2 The prosecution initially sought to charge Beach with felony murder associated with a drug transaction involving Adderall pills but later conceded that Adderall was not one of the drugs covered by the statutes upon which it relied.

-2- There was no eyewitness testimony at trial. The prosecution offered testimony of a woman who saw flashes and heard gunfire before seeing Butts collapse and die on her porch. The prosecution also introduced surveillance video footage that showed flashes of light (presumably gunfire) before a car drove away. But there was little direct evidence of Beach’s involvement with the shooting.
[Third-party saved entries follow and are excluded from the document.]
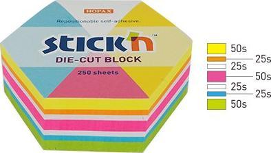 Stickn Notes szeciokt, 61x70mm, mix 5 kol. neon+biay, 250kart. Stick"n 21827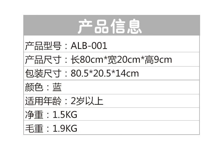 包装尺寸:80.5*20.5*14cm 商品规格: 80*20*9cm 商品净重:1.5kg 毛重:1.9kg 适合年龄:2岁以上 承重:100公斤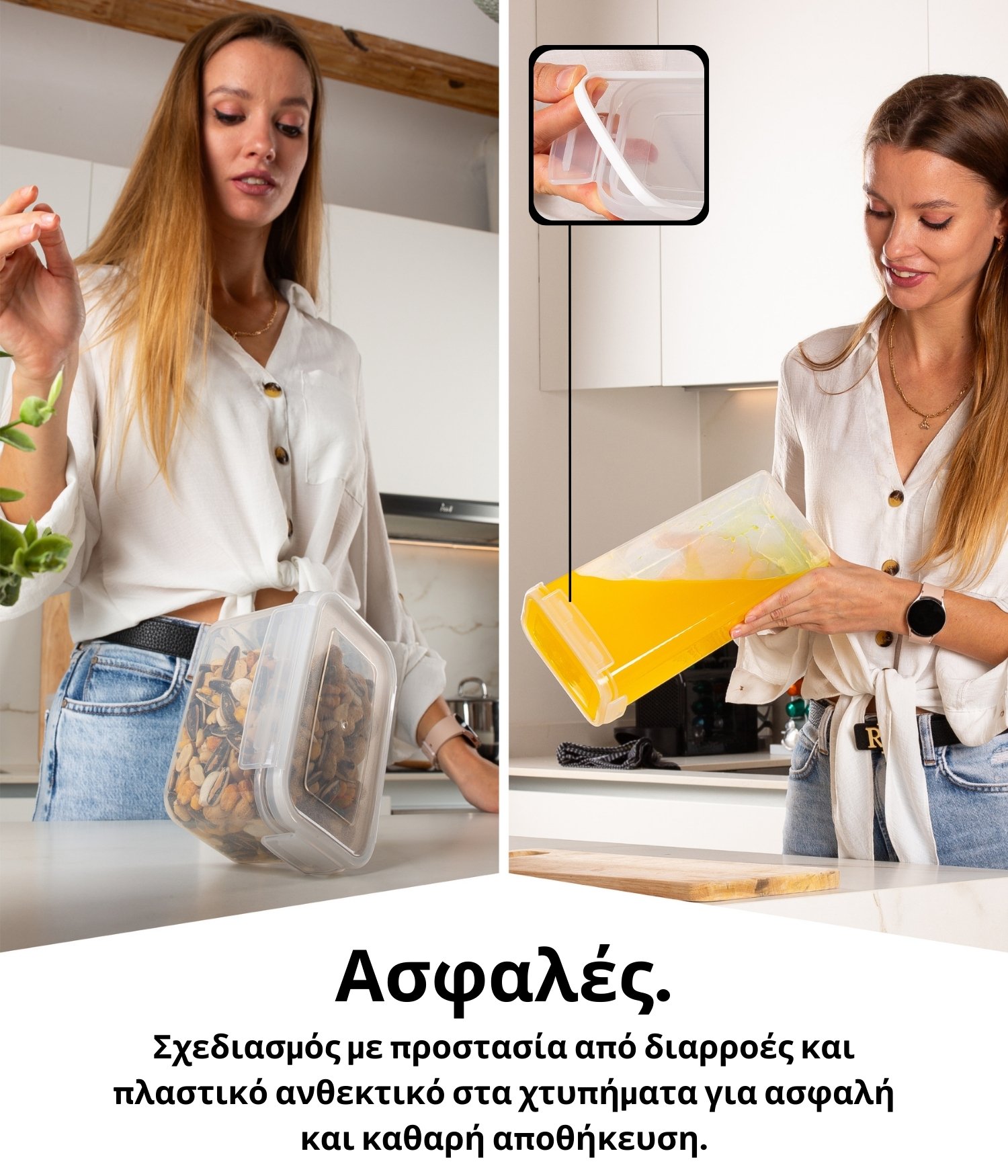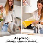 Χάρη στη σιλικόνη στο εσωτερικό του καπακιού, το δοχείο είναι απόλυτα αεροστεγές. Επομένως, υγρά ή χυμοί μέσα στο δοχείο δεν μπορούν να διαρρεύσουν ή να χυθούν, ακόμα και όταν μετακινείτε τα δοχεία, και τα τρόφιμα παραμένουν φρέσκα για περισσότερο.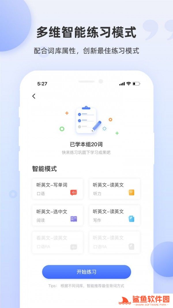 智能练习:配合词库属性,智能推荐最佳的练习模式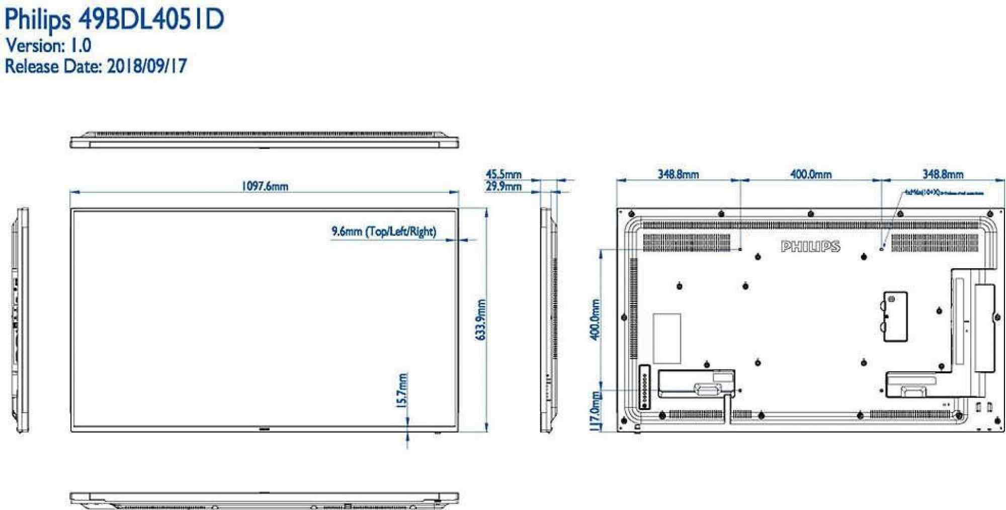 Philips LED display 49" 49BDL4051D/00Úhlopříčka obrazovky ("):49"; Technologie TV:LED; Rozhraní:HDMI; Formát obrazovky:16:9.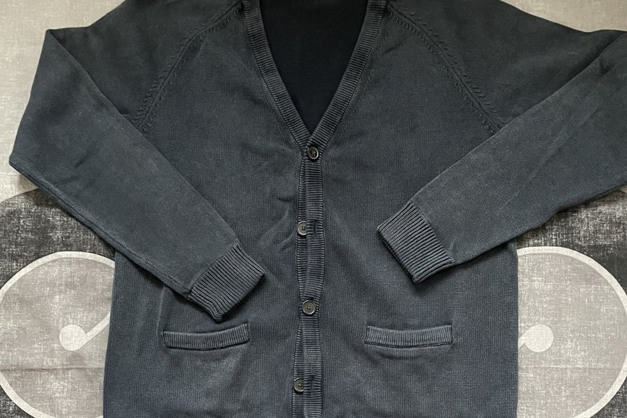 Mörkt blågrå, v-ringad, helknäppt bomullskofta med fickor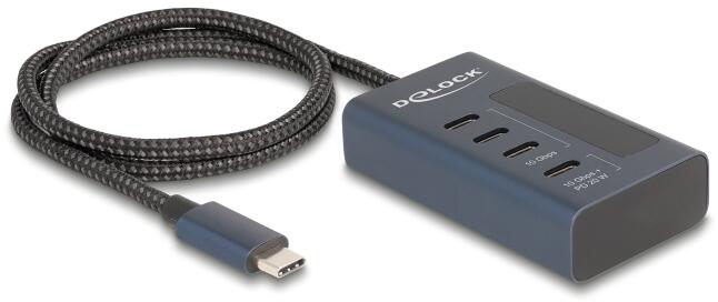Delock USB 10 Gbps hub 4 db. USB Type-C porttal, amelyből 3 adat csatlakoztatási felület és egy adat és 20 Watt-os PD tápjelzéssel (64189) (64189) (64189)
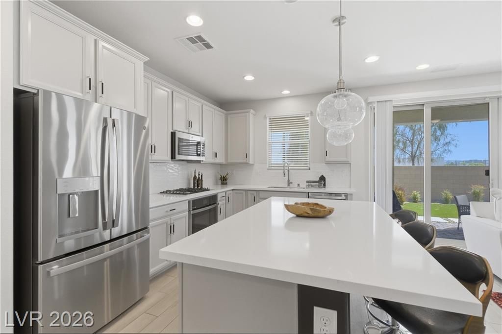 Beautifully upgraded former Richmond model home that shows like new with 9' ceilings & 8' doors throughout! This gem features a paver driveway & welcoming courtyard entry, setting the tone for its elevated design. Inside, the spacious family room is enhanced by surround sound and center-meet sliding glass doors that seamlessly open to an extended covered patio, perfect for indoor-outdoor living. The TV mount will stay. Gourmet kitchen is a standout, offering a premium stainless steel appliance package, upgraded quartz countertops, elegant Premier maple cabinetry, and decorative backsplash. The kitchen and bathrooms showcase upgraded high-end finishes. The loft features a built-in desk and cabinets, just right for an office area. Step outside to a water-efficient, low-maintenance backyard complete with synthetic grass and a covered patio, ideal for relaxing or entertaining year-round. This home combines style, comfort, and functionality in every detail and features upgrades throughout.
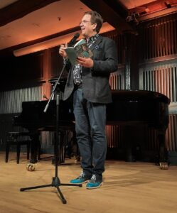 Er bietet dem Publikum auch eine kurze Lesung aus seinem Buch „Klappstuhl und ich!“.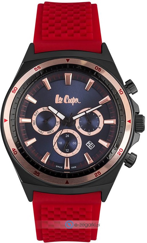Męski zegarek Lee Cooper LC06830.698 to zegarek, który dzięki swemu wzornictwu zawsze będzie prezentował się dobrze. Charakterystyczny wygląd czasomierza osiągnięto m.in. poprzez tarczę w kolorze granatowym. Zaprezentowana metodą analogową aktualna godzina jest czytelna i szybka do sprawdzenia. Koperta jest ozdobiona kolorem czarnym szeroka jest na 44 mm - posiada okrągły kształt.
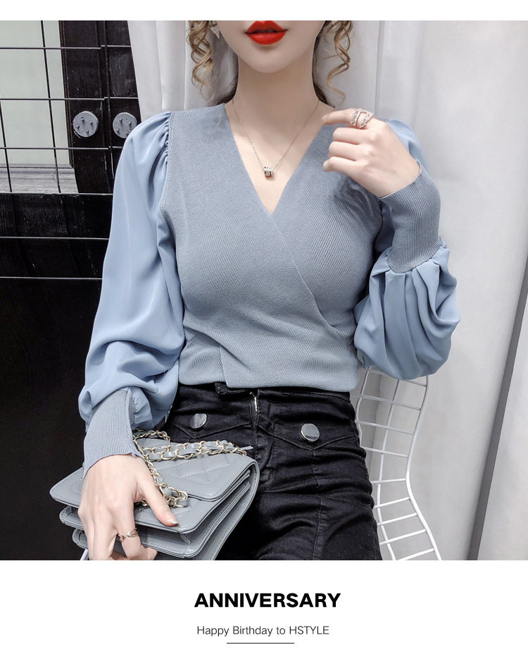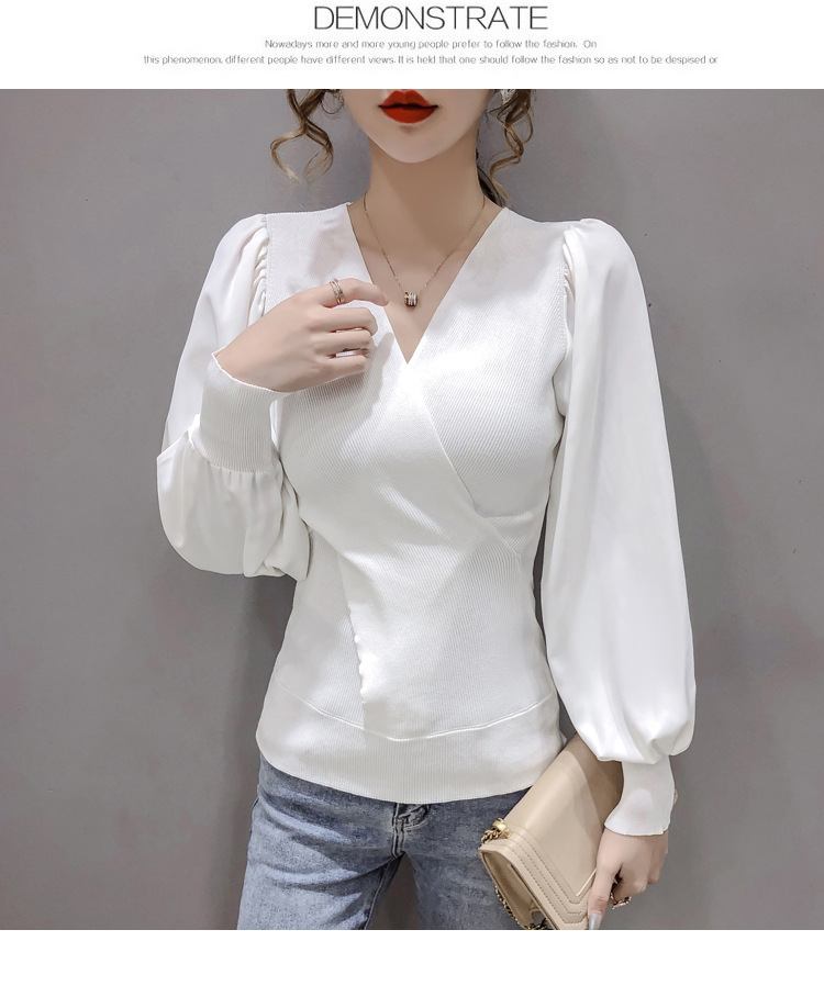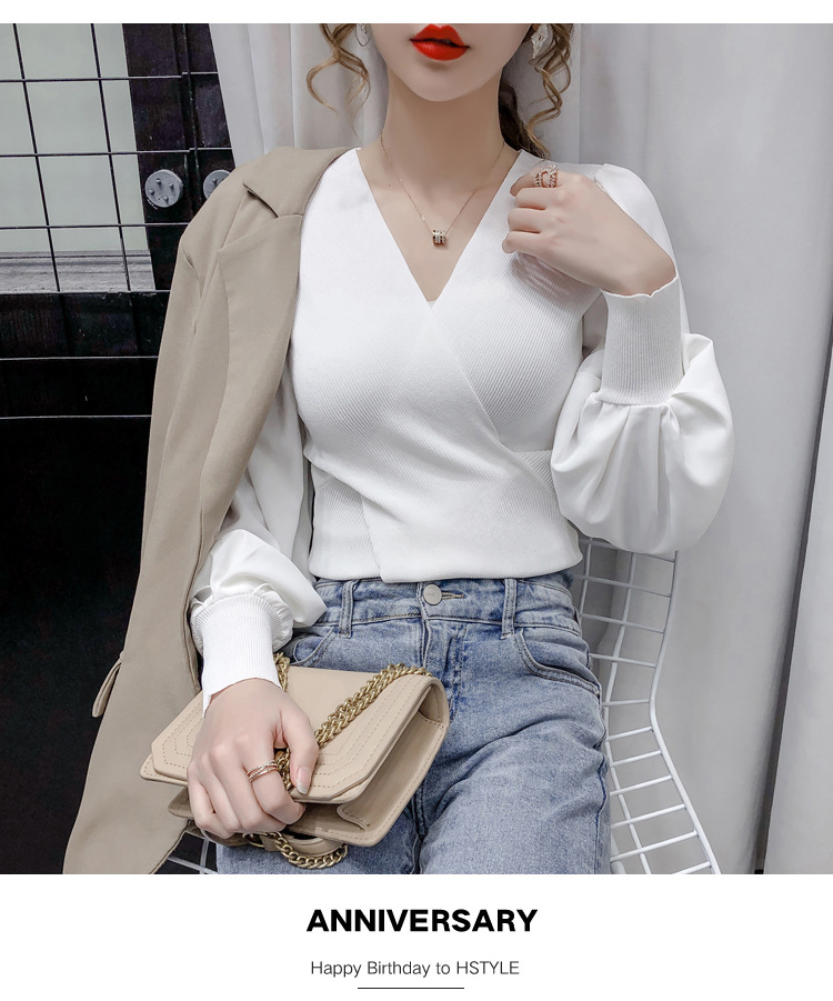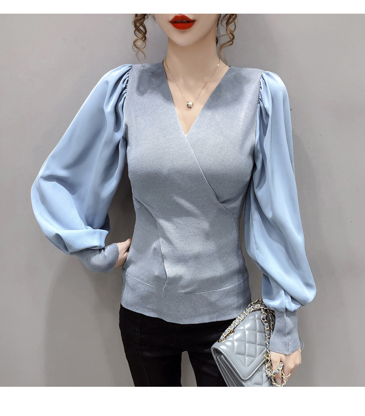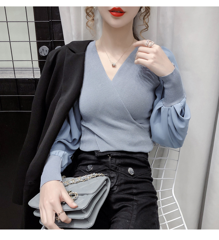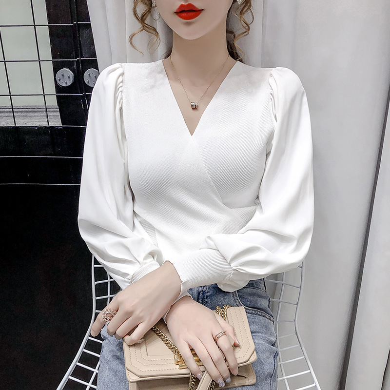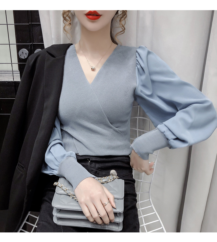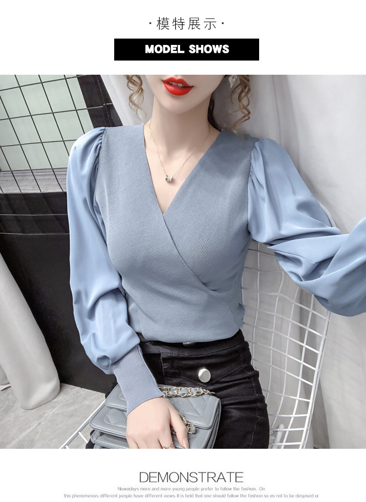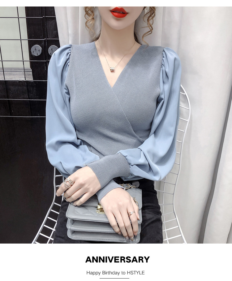 버블 슬리브 쉬폰 스티칭 니트웨어 여성용 2023 가을 한국 스타일 우아한 탑 패션 슬림핏 브이넥 베이스 셔츠스토어 가기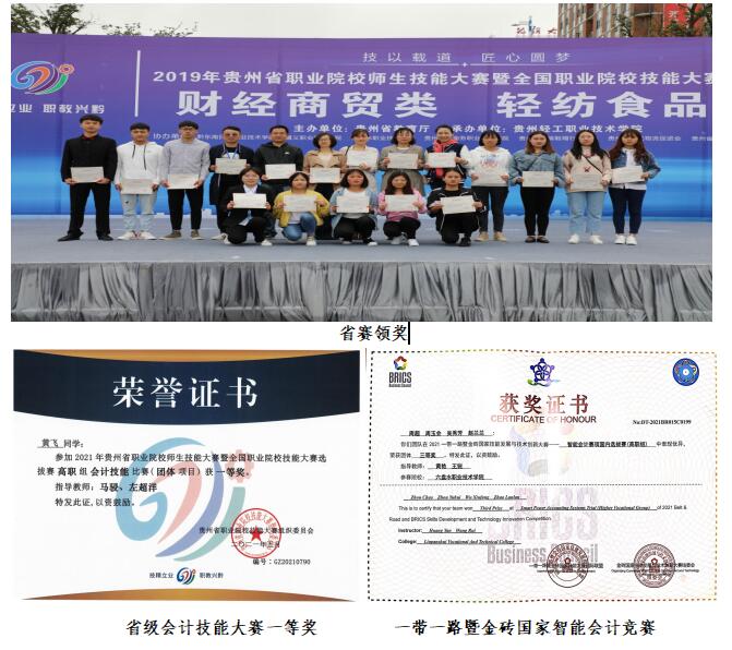 2012 年以來,已連續 6次獲得貴州省職業院校技能大賽會計技能項目團體“一等獎”,4 次代表貴州省參加國賽,2021年首次參加一帶一路金磚國家智能會計技能大賽,榮獲三等獎。多次承辦六盤水市職業院校師生技能大賽會計技能等賽項比賽。

Instead, the prosecution relied predominantly on circumstantial and forensic evidence to establish Beach’s guilt. Through the testimony of numerous Detroit police officers, detectives, and forensic technicians, the prosecution established without dispute that the following pieces of evidence were discovered at the scene of the crime: a black Inter-Arms .38 Special Revolver loaded with five live rounds, which was its full capacity; two 7.62 x 39 mm shell casings; one .25 automatic shell casing; one 7.62 x 39 mm live round; a dirty hand impression on a fence; and a baggie of orange pills. Investigators swabbed much of the physical evidence for DNA testing. A forensic scientist with the Michigan State Police, Jennifer Dillion, testified as an expert in forensic biology that no DNA profiles could be developed from the shell casings, the live round, the hand impression, and the baggie containing the orange pills.3 A DNA profile was developed from the trigger and grip of the .38 caliber revolver found at the scene, and Dillion opined that the testing revealed that four persons contributed to the profile, with there being very strong support that Ant was not a contributor and that Butts was a contributor.

Brian Grabowski, a firearm and toolmarks examiner with the Michigan State Police, testified as an expert in that field that the two 7.62 x 39 mm shell casings found at the crime scene came from the same firearm. The prosecution did not present any evidence that the two firearms4 discharged in the shooting were ever located, nor did the prosecution produce any eyewitnesses to the shooting.

A significant component of the prosecution’s case was cell phone communications, whether by calls or text messages, showing numerous exchanges between certain phone numbers. Butts had a Samsung cell phone, with a 586-area-code phone number ending in 9926.